I am trying to run a structure (already calculated using QE) using exciting to calculate Spin-Orbit coupling. However, when i try to modify the GaAs input file that is provided, and run the commands, I am receiving the error message that is copied below. Any help would be appreciated.
Program received signal SIGSEGV: Segmentation fault - invalid memory reference.
Backtrace for this error:
#0 0x153ce21ecd21 in ???
#1 0x153ce21ebef5 in ???
#2 0x153ce1e4620f in ???
#3 0x562bd94a97ce in ???
#4 0x562bd90e6d39 in ???
#5 0x562bd93a2287 in ???
#6 0x562bd904d96b in ???
#7 0x562bd8edb3a4 in ???
#8 0x562bd8ec7083 in ???
#9 0x153ce1e270b2 in ???
#10 0x562bd8ec70bd in ???
#11 0xffffffffffffffff in ???
Segmentation fault (core dumped)
Elapsed time = 0m0s
Hi Hemanth, it’s impossible to tell from this backtrace.
Please:
a) Rebuild the code with make debugmpiandsmp
or make debug
and run again. This will fill in the symbol in the back trace.
b) Provide input.xml and species files used.
Cheers,
Alex
Hello Alex,
Thanks for the reply. I was able to rectify the issue with the input file, and was able to get the code to start up. However, I observed a few anomalous behaviors while trying the code out:
- My system has 14 atoms and belongs to a very high symmetry point group. I had estimated that it should not take much time to run an SCF calculation on the system, but it has been running since yesterday evening, and is still stuck at the line
++++++++++++++++++++++++++++++++++++++++++++++++++++++++++++++++++++++++++++++++
- SCF iteration number : 1 +
++++++++++++++++++++++++++++++++++++++++++++++++++++++++++++++++++++++++++++++++
and has not proceeded beyond this state. This is on a serial calculation.
- When I tried running the same calculation on multiple cores using the pure mpi build, the process stopped by flagging the message “mpiexec has detected the process has been stopped on node04”. I do not have a stack trace for this error, and when I tried to build a debugmpi case, it flagged a message saying such a target is unavailable. I am currently running the same calculation using the executable generated in debugmpiandsmp, and would update you with the stacktrace. Any advice in the mean time would be much appreciated.
Thanks and Warm Regards
Hemanth
Alex,
-
I am also attaching the input file that I have used for the test. I could not create a stack trace since the calculation has been running since yesterday, and has not moved forward from the SCF Iteration 1 step. The TOTENERGY file, which should get updated after each SCF cycle is empty. So this should mean that no SCF cycles have been completed in a span of 12 hours.
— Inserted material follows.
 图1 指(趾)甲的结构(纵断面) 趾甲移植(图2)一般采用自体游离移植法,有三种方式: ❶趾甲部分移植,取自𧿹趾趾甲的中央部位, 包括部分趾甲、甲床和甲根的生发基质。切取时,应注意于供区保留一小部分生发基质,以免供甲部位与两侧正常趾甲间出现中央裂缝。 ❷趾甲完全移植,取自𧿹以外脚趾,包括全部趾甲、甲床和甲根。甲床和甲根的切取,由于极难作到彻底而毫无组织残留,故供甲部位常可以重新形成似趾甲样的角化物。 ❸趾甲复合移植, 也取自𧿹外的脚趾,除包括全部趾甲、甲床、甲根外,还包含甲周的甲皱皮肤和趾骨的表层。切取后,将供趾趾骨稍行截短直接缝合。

I have attached the input files as a github gist, since I cannot attach files here.
-
The MPI calculation failed with the error “mpiexec noticed that process rank 1 with PID 0 on node ssm exited on signal 9 (Killed).”
Thanks,
Hemanth
link to the input file
Hi Hemanth,
Uploading
Are you sure you can’t upload? I see an option to so do (the upward arrow). Else, put as text and convert to a snippet using </> button. Links die, so they’re no good for people in the future. If you can upload the corrected input file, I can check it out.
Debug builds
Indeed, you can’t make debugmpi
, there’s no option for it in the makefile. make debugmpiandsmp
will include MPI and openMP parallelism (MPIANDSMP should be the preferred build type).
INFO.OUT
Is SCF iteration from INFO.OUT? It does indeed sound like something’s hanging.
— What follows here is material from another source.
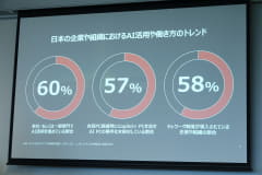 同社が調査会社に依頼した調査では、全社もしくは一部の部門でAI活用を進めている割合が60%近くに達していることがわかった。また、次回のパソコン調達時にAI PCを要件にすることを検討している割合が57%、テレワークが導入されている割合が58%で、AI PCがより一層求められてきていると指摘する。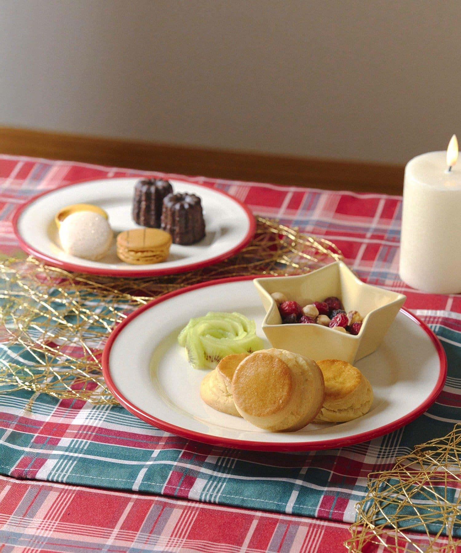 盤子以白色為底,配以紅色線條,充滿了聖誕氣氛。

Second point, Pasquale noticed that your 3rd lattice vector is:
<basevect> -5.677366878677726E+001 -0.000000000000000E+000 -0.000000000000000E+000 </basevect>
but your k-grid is:
ngridk="30 30 1"
Looks like the direction perpendicular to the slab is x, not z, so should use ngridk="1 30 30"
Apologies for not linking the input file previously. I was not granted the privileges to upload files yesterday when I made the post. I have uploaded the input file with this post.
input.xml (2.3 KB)
Yes, and when I tried running the calculation for just Gamma point, It took nearly 4 hours (3 hours and 52 minutes) to complete one SCF iteration. This is what convinced me that I had messed up something while building the code.
Any pointers in this matter would be much appreciated.
Thanks and Warm Regards,
Hemanth